- **GOAL OF THE EXERCISE**: Would you set down the data that follows, word for word, without any pictures?

- **MATERIAL TO PROCESS**:

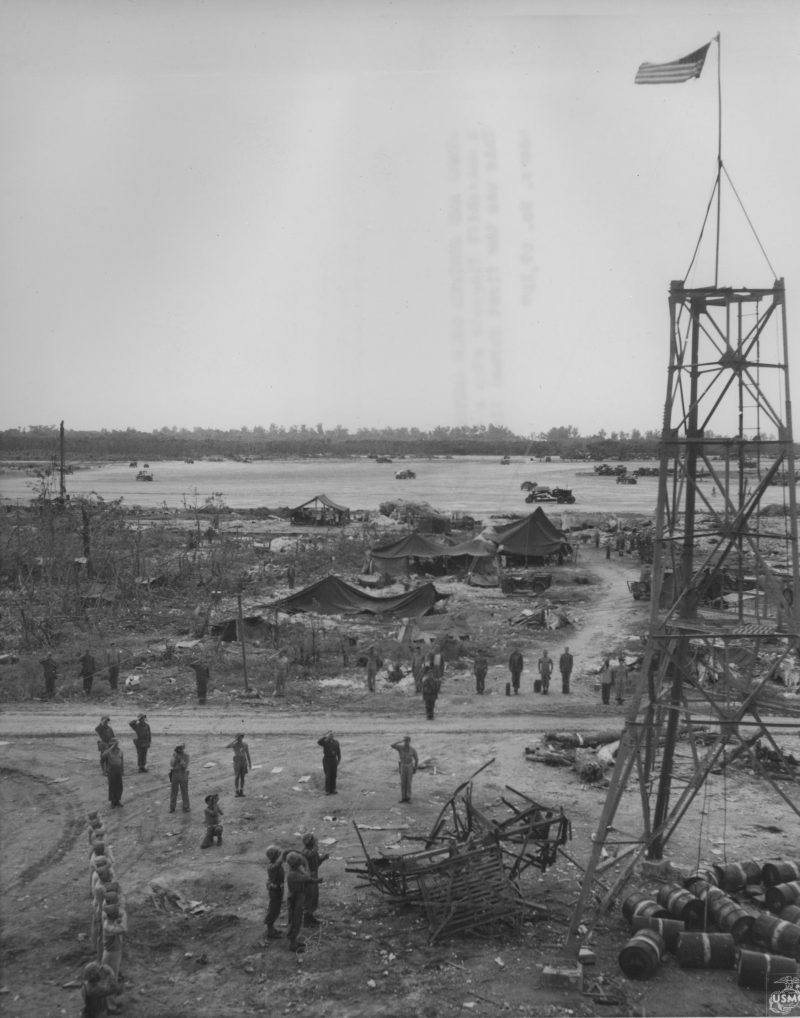 The first formal raising the American flag over Peleliu, Palau Islands, 27 Sep 1944; note Japanese observation tower
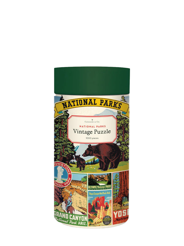 A quality 1000 piece jigsaw puzzle by Cavallini featuring vintage illustrations of US national parks.
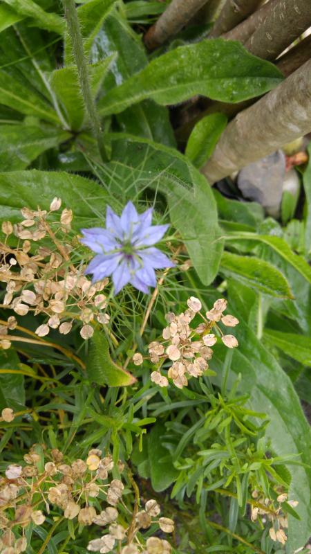 Das ist eine Nigella, ich denke, Nigella damascena, die Jungfer im Grünen.
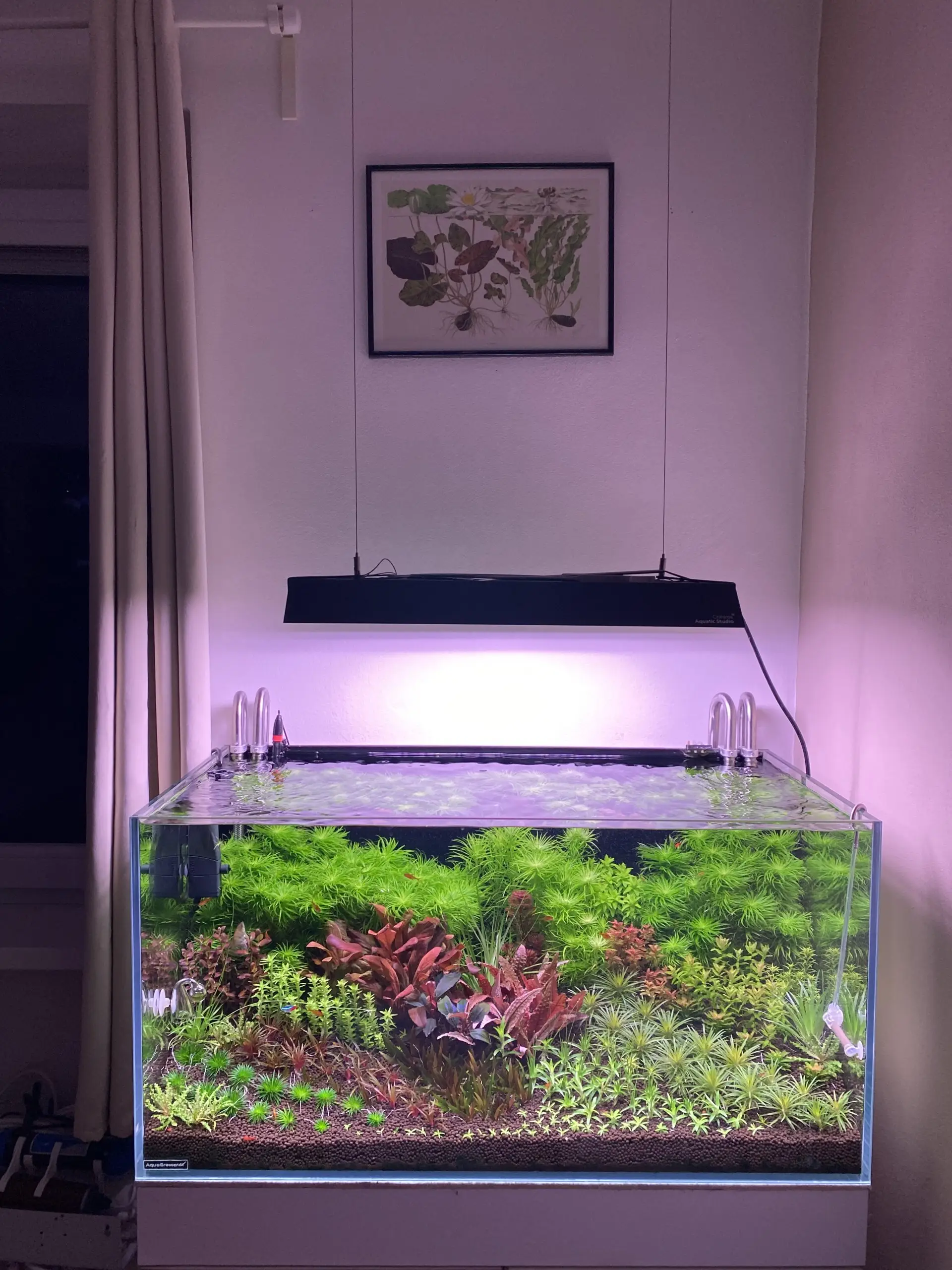 8 týden jsem vycistil filtr který byl zajety z předchozí nádrže. Vyměnil jsem rotalu bloodred, sahyadrica a heternatheru za syngonathusy. Staurogyne brown šla taky ven, rostlo to moc rychle.Předchozí rychle rostoucí rostliny pomohly s hladším záběhem nádrže. Nádrž vykazuje nulové stopy po řase. Při presazovani vždy povrchově odkalím substrát. Po výměně vody dávkuji bakterie seachem a biostimulant.
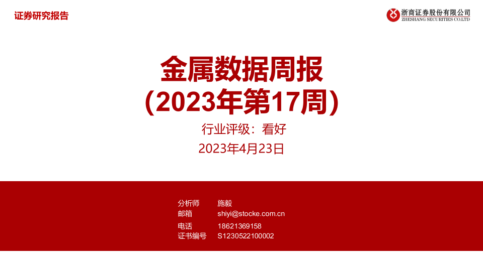 【浙商证券】【20230423】金属数据周报(2023年第17周)-21页
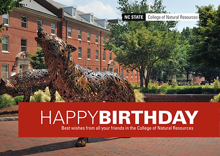 A vibrant, two-page birthday greeting card sent to students and staff, complete with postage-friendly design and space for addresses—a warm, personal touch from their College of Natural Resources family.
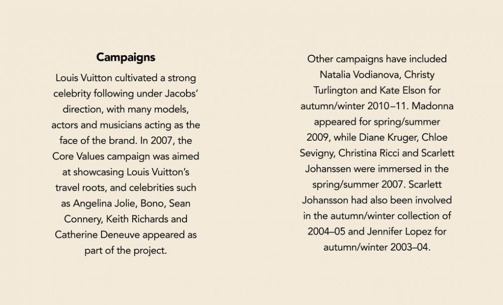 Louis Vuitton stores opened in cities throughout the world and expanded into other high-end brands. The merger in 1987 with Möet Hennessy created the megabrand LVMH, and in 1997 the appointment of Marc Jacobs launched Louis Vuitton into the world of fashion.
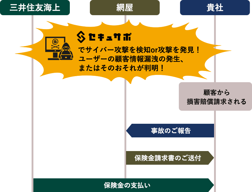 | 保険金支払条件 | セキュサポが監視しているエンドユーザーのサーバ・ネットワーク機器類が、サイバー攻撃を受けて発生した、サイバーセキュリティに関する事故に限る |
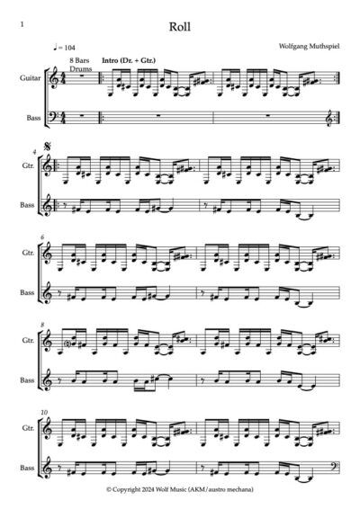 Roll Tokyo €15.00 inkl MwSt. Quantity Add to cart score and parts (Guitar, Bass) released 2025 on ECM published by Wolf Music
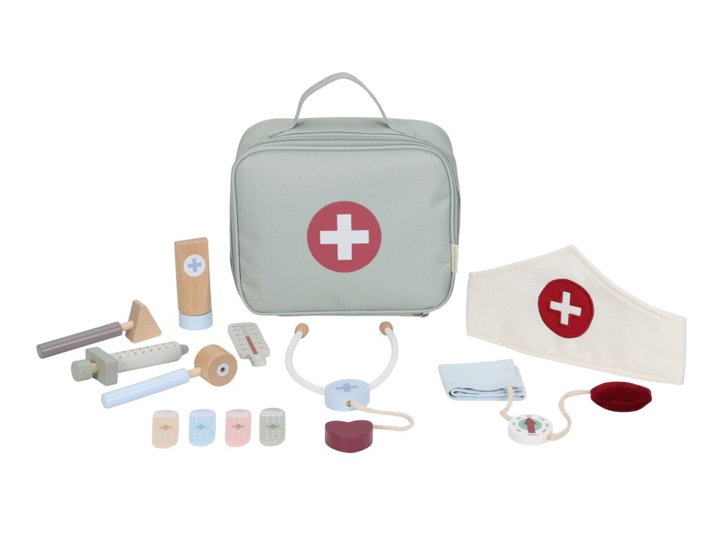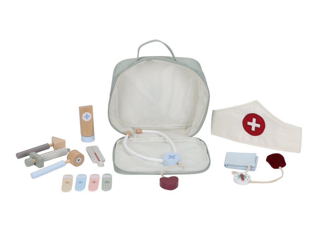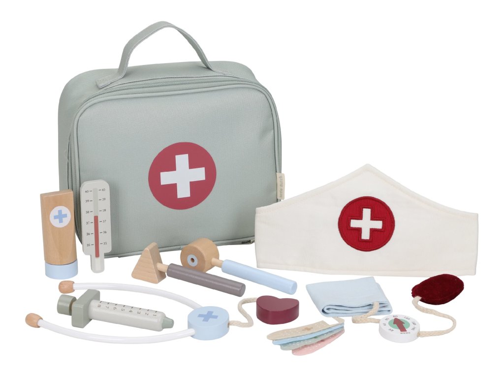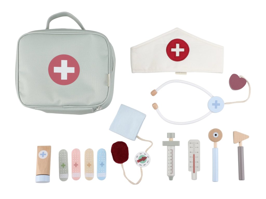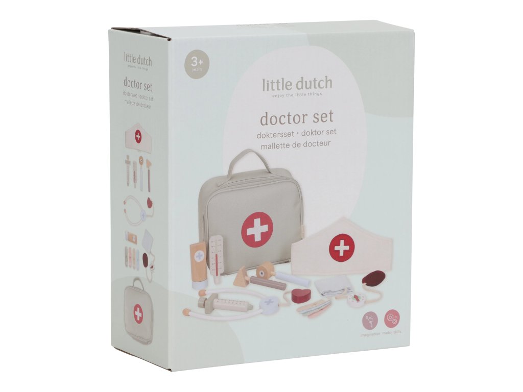 Paní doktorko, pane doktore – mohl/a byste se na mě podívat? S touto krásnou dřevěnou doktorskou sadou bude vaše dítě připravené postarat se o každého pacienta. Textilní lékařská taška ukrývá veškeré základní vybavení: teploměr, injekci, obvazy, stetoskop, tlakoměr a dokonce i doktorskou čepici. Hra na lékaře podporuje rozvoj empatie, fantazie a pomáhá dětem lépe porozumět tomu, co se děje při skutečné návštěvě ordinace. Ideální hračka pro všechny malé ošetřovatele a lékaře. Hračka je součástí kolekce vysoce kvalitních dřevěných hraček Little Dutch, navržených s důrazem na bezpečnost a originální design. Dřevěné části jsou vyrobené z odolného FSC certifikovaného dřeva. Rozměry: 23 x 19 x 9,4 cm Vhodné pro děti od 3 let.Doplňkové parametry
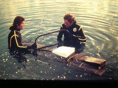 Les autres tubes on été très vite mis en place. Les planches on été rassemblées sur ce début de structure et Henri et moi avons commencé à les arrimer sur les tubes pour construire et pour former la première partie du plancher. Pendant ce temps, Pépé et Daniel finissaient de consolider le reste. Daniel avait un scaphandre de 3m 3 , aussi accomplissait t'il toutes les servitudes : aller chercher les outils au fond de la rivière, remonter des colliers, ou bloquer ceux-ci en plongée. On pensait tous que Daniel aurait assez d'air pour rentrer, même avec la seule réserve de son bloc. Et puis nous avions nos ventraux de secours.
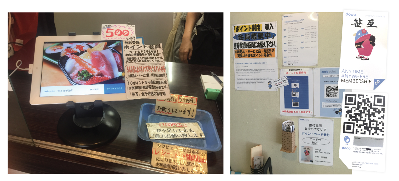 お客さんの年齢層が学生さんから年配の方まで幅広いので、より多くのお客さんに会員になってもらえるように、登録方法をお客様によって選んでもらってます。例えば、50~60代の方は、携帯を持ってなかったり、番号を覚えてなかったりするので、そういう方にはQRカード(※1)をお渡ししています。主婦層の方はカードを持ち歩かないことをメリットに感じているので、携帯番号で登録される方が多いです。後はdodoアプリ(※2)のダウンロード方法のPOPを作って、レジ近くの壁に貼ってあって、若い子達は、会計に並んでいる間にそれを見てダウンロードして、アプリ内のQRコードをタブレットにスキャンしてくれる人もだんだん増えてきました。
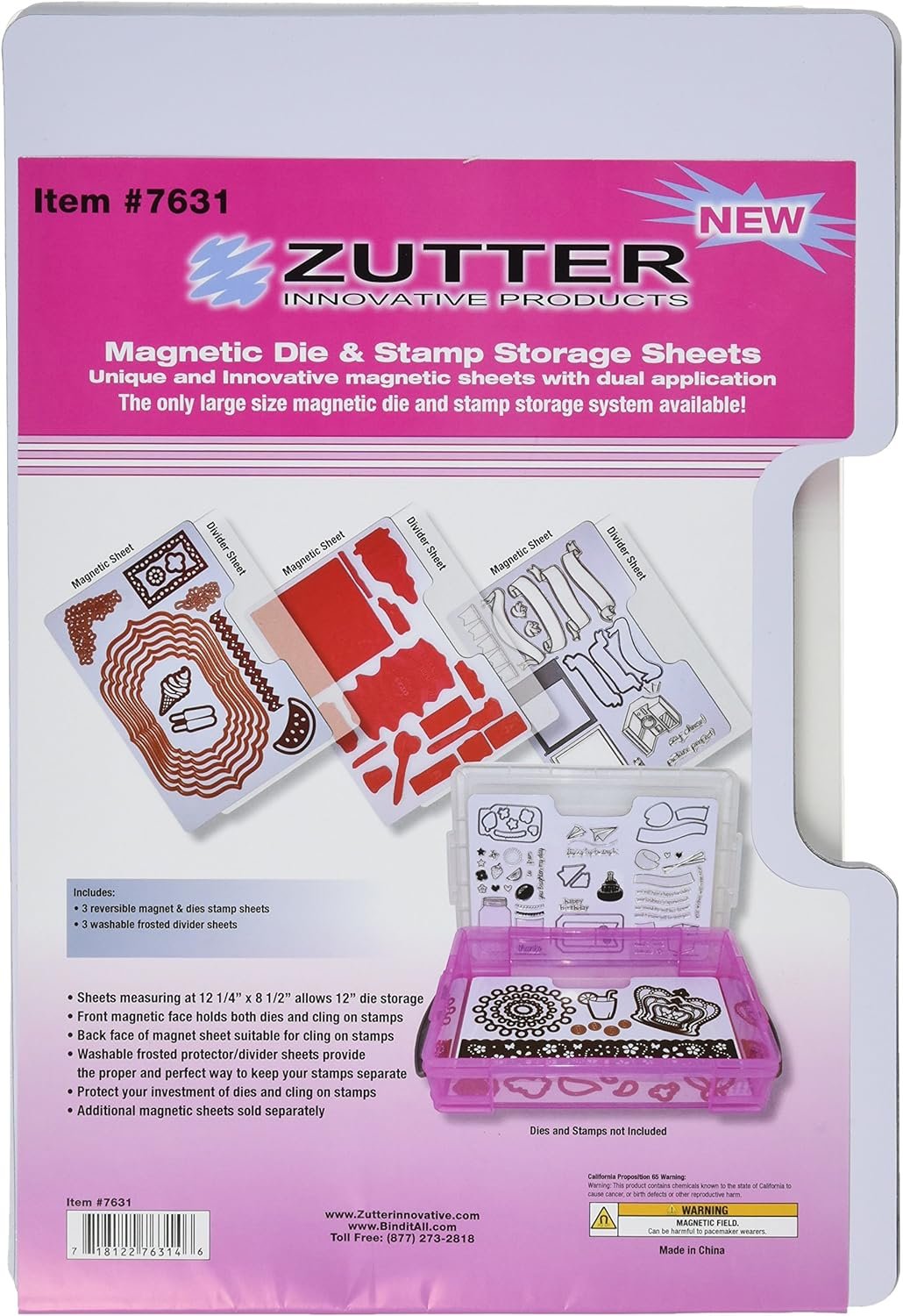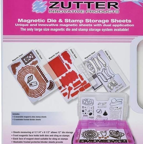 Store your die-cut and cling on stamps in this large size magnetic storage system! Fits perfectly in your Zutter magnetic die & stamp storage case. This package contains three 12-1/4x8-1/2 inch magnetic sheets and three 12-1/4x8 inch dividers. Imported.

- **YOUR RESPONSE**:
 The first formal raising the American flag over Peleliu, Palau Islands, 27 Sep 1944; note Japanese observation tower
 A quality 1000 piece jigsaw puzzle by Cavallini featuring vintage illustrations of US national parks.
 Das ist eine Nigella, ich denke, Nigella damascena, die Jungfer im Grünen.
 8 týden jsem vycistil filtr který byl zajety z předchozí nádrže. Vyměnil jsem rotalu bloodred, sahyadrica a heternatheru za syngonathusy. Staurogyne brown šla taky ven, rostlo to moc rychle.Předchozí rychle rostoucí rostliny pomohly s hladším záběhem nádrže. Nádrž vykazuje nulové stopy po řase. Při presazovani vždy povrchově odkalím substrát. Po výměně vody dávkuji bakterie seachem a biostimulant.
 【浙商证券】【20230423】金属数据周报(2023年第17周)-21页
 A vibrant, two-page birthday greeting card sent to students and staff, complete with postage-friendly design and space for addresses—a warm, personal touch from their College of Natural Resources family.
 Louis Vuitton stores opened in cities throughout the world and expanded into other high-end brands. The merger in 1987 with Möet Hennessy created the megabrand LVMH, and in 1997 the appointment of Marc Jacobs launched Louis Vuitton into the world of fashion.
 | 保険金支払条件 | セキュサポが監視しているエンドユーザーのサーバ・ネットワーク機器類が、サイバー攻撃を受けて発生した、サイバーセキュリティに関する事故に限る |
 Roll Tokyo €15.00 inkl MwSt. Quantity Add to cart score and parts (Guitar, Bass) released 2025 on ECM published by Wolf Music
 Paní doktorko, pane doktore – mohl/a byste se na mě podívat? S touto krásnou dřevěnou doktorskou sadou bude vaše dítě připravené postarat se o každého pacienta. Textilní lékařská taška ukrývá veškeré základní vybavení: teploměr, injekci, obvazy, stetoskop, tlakoměr a dokonce i doktorskou čepici. Hra na lékaře podporuje rozvoj empatie, fantazie a pomáhá dětem lépe porozumět tomu, co se děje při skutečné návštěvě ordinace. Ideální hračka pro všechny malé ošetřovatele a lékaře. Hračka je součástí kolekce vysoce kvalitních dřevěných hraček Little Dutch, navržených s důrazem na bezpečnost a originální design. Dřevěné části jsou vyrobené z odolného FSC certifikovaného dřeva. Rozměry: 23 x 19 x 9,4 cm Vhodné pro děti od 3 let.Doplňkové parametry
 Les autres tubes on été très vite mis en place. Les planches on été rassemblées sur ce début de structure et Henri et moi avons commencé à les arrimer sur les tubes pour construire et pour former la première partie du plancher. Pendant ce temps, Pépé et Daniel finissaient de consolider le reste. Daniel avait un scaphandre de 3m 3 , aussi accomplissait t'il toutes les servitudes : aller chercher les outils au fond de la rivière, remonter des colliers, ou bloquer ceux-ci en plongée. On pensait tous que Daniel aurait assez d'air pour rentrer, même avec la seule réserve de son bloc. Et puis nous avions nos ventraux de secours.
 お客さんの年齢層が学生さんから年配の方まで幅広いので、より多くのお客さんに会員になってもらえるように、登録方法をお客様によって選んでもらってます。例えば、50~60代の方は、携帯を持ってなかったり、番号を覚えてなかったりするので、そういう方にはQRカード(※1)をお渡ししています。主婦層の方はカードを持ち歩かないことをメリットに感じているので、携帯番号で登録される方が多いです。後はdodoアプリ(※2)のダウンロード方法のPOPを作って、レジ近くの壁に貼ってあって、若い子達は、会計に並んでいる間にそれを見てダウンロードして、アプリ内のQRコードをタブレットにスキャンしてくれる人もだんだん増えてきました。
 Store your die-cut and cling on stamps in this large size magnetic storage system! Fits perfectly in your Zutter magnetic die & stamp storage case. This package contains three 12-1/4x8-1/2 inch magnetic sheets and three 12-1/4x8 inch dividers. Imported.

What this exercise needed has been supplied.